All costs were converted to US dollars using the exchange rate for 2022 provided by the Organisation for Economic Co-operation and Development (OECD; US $1 = ¥131.4) [37].
Health Utility Inputs
Baseline utility without RSV infection was set as 1.0 among infants aged 0–11 months. QALY loss due to RSV infection in each medical setting was extracted from a previous study [38]. The general population utility was set as 1.0 for 1–17-year-olds on the basis of input from a health economics expert. Utility for 18–99-year-olds was calculated on the basis of the population data of 2021 using the EuroQol 5-dimension 5-level (EQ-5D-5L) scores [39, 40]. These inputs were used to calculate future lost QALYs due to premature RSV-related mortality.
Analysis
Basic analysis for two cases was performed to analyze the impact of varying vaccine prices on ICER. One-way deterministic sensitivity analysis was performed to assess the impact of each parameter and identify key drivers for ICER other than vaccine price. The model parameters were examined at a lower and upper bound of ± 25%. For other scenarios of the sensitivity analyses, the input conditions are summarized in Table S3.
Ethical Approval
This article is based on previously conducted studies and does not contain any new studies with human participants or animals performed by any of the authors.
Results
ICER in Scenario 1 (Base Case Scenario) and Scenario 2
Figure 2 shows the estimated ICER with various vaccine prices (range ¥5000–50,000/US $38–380) in scenario 1 and scenario 2. From a payer perspective, the ICER remained below ¥5 million/QALY (the threshold value for Japan) when the RSVpreF vaccine price was equal to or less than ¥23,948 (US $182) in scenario 1. The combination prophylaxis (RSVpreF + palivizumab) was more effective than the current prophylaxis (palivizumab only) for preventing RSV infections, with a gain of 428.4 QALYs per population (Table 2). Incremental costs were ¥2.1 billion (US $16.3 million) and ICER was ¥4,998,847/QALY (US $38,043/QALY). From a societal perspective, incremental costs were ¥2.0 billion (US $15.1 million) and ICER was ¥4,638,509/QALY (US $35,301/QALY). On the other hand, in scenario 2, the ICER was more effective and less costly (i.e., dominant) from both payer and societal perspective at a RSVpreF vaccine price of ¥23,948 (US $182) (Table 2). In total, ¥11.0 billion (US $84.1 million) was saved from a payer perspective. The ICER continued to be below ¥5 million/QALY at a maximum RSVpreF unit cost of ¥43,881 (US $334) from a payer perspective, respectively (Table S7).
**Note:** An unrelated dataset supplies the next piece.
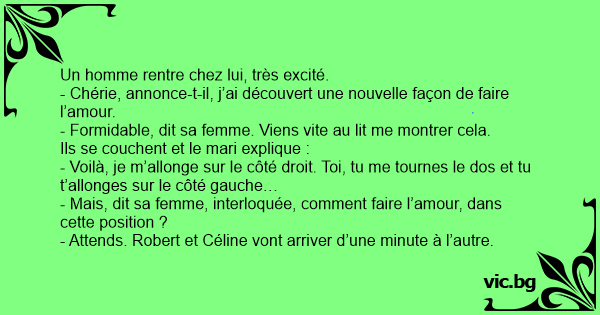 - Chérie, annonce-t-il, j’ai découvert une nouvelle façon de faire l’amour.

Incremental cost-effectiveness ratio with various RSVpreF vaccine price. Dynamics of ICERs for two combination prophylaxis strategies (blue, scenario 1; orange, scenario 2) upon changing the RSVpreF vaccine price were explored from a (A) payer perspective and (B) societal perspective. Exchange rate was US $1 = ¥131.4. ICER incremental cost-effectiveness ratio, RSV respiratory syncytial virus, RSVpreF vaccine RSV prefusion F protein-based vaccine, QALY quality-adjusted life year
Detailed Base Case Results
The detailed clinical and economic outcomes in scenario 1 are summarized in Table 3. Among the target population of 802,963 pregnant women and 813,857 newborns (preterm, 5.8%; high risk, 2.6%), 646,510 pregnant women received RSVpreF vaccine in the combination prophylaxis and 153,617 and 236,168 doses of palivizumab were prescribed to infants in the combination and current prophylaxes, respectively. The combination prophylaxis prevented 14,382 medically attended cases of RSV (hospitalization, 7490 cases; ED, 2239 cases; outpatient, 4653 cases) and 7 deaths compared with the current prophylaxis. The combination prophylaxis required additional vaccine costs of ¥17.4 billion (US $132.4 million) while reducing palivizumab costs (¥12.2 billion/US $92.6 million) and medication costs (¥3.1 billion/US $23.5 million). From a societal perspective, the combination prophylaxis resulted in a net reduction of productivity loss by ¥154.3 million/US $1.2 million (¥2.4 billion/US $18.5 million of caregiver’s productivity loss + ¥332.3 million/US $2.5 million of productivity loss due to visiting hospital for palivizumab prescription – ¥2.6 billion/US $19.8 million of productivity loss due to visiting hospital for vaccination).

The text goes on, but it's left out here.